The justices went the other way on vaping in an April decision, siding with the FDA in a ruling upholding a sweeping block on most sweet-flavored vapes instituted after a spike in youth vaping.

The current case was filed by R.J. Reynolds Vapor Co., which had sold a line of popular berry and menthol-flavored vaping products before the agency started regulating the market under the Tobacco Control Act in 2016.

The agency refused to authorize the company’s Vuse Alto products, an order that “sounded the death knell for a significant portion of the e-cigarette market,” Justice Amy Coney Barrett wrote in the majority opinion.

The company is based in North Carolina and typically would have been limited to challenging the FDA in a court there or in the agency’s home base of Washington. Instead, it joined forces with Texas businesses that sell the products and sued there.
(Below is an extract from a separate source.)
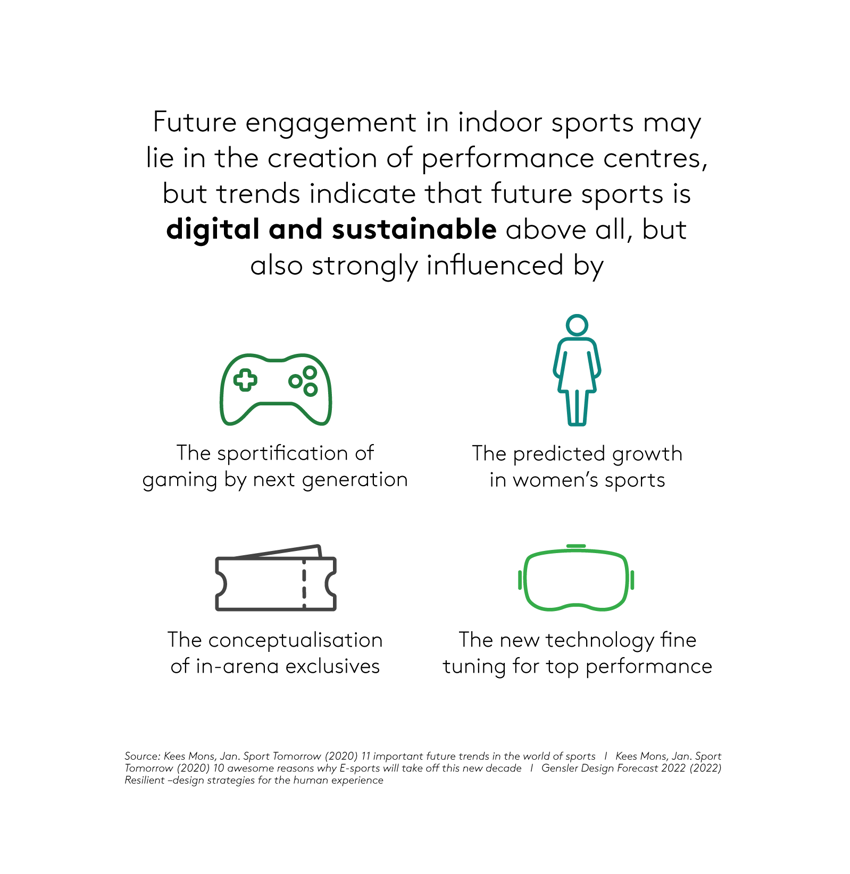 Sources: Abraham, Jonalyn. Gensler (2021) Designing performance centers to promote well-being for athletes I Internicola, Dorene. Reuters (2013) Outdoor exercisers can reap unexpected benefits by moving indoors

The conservative 5th U.S. Circuit Court of Appeals allowed the lawsuit to go forward, finding that anyone whose business is hurt by the FDA decision can sue.

The agency appealed to the Supreme Court, arguing that R.J. Reynolds was attempting to find a court favorable to its arguments, a practice often referred to as “judge shopping.”

The justices, though, found that the law does allow other businesses affected by the FDA decisions, like e-cigarette sellers, to sue in their home states.

In a dissent, Justice Ketanji Brown Jackson, joined by Justice Sonia Sotomayor, said she would have sided with the agency and limited where the cases can be filed.  

The Campaign for Tobacco-Free Kids called the majority decision disappointing, saying it would allow manufacturers to “judge shop,” though it said the companies will still have to contend with the Supreme Court’s April decision.

Attorney Ryan Watson, who represented R.J. Reynolds, said that the court recognized that agency decisions can have devastating downstream effects on retailers and other businesses, and the decision “ensures that the courthouse doors are not closed” to them.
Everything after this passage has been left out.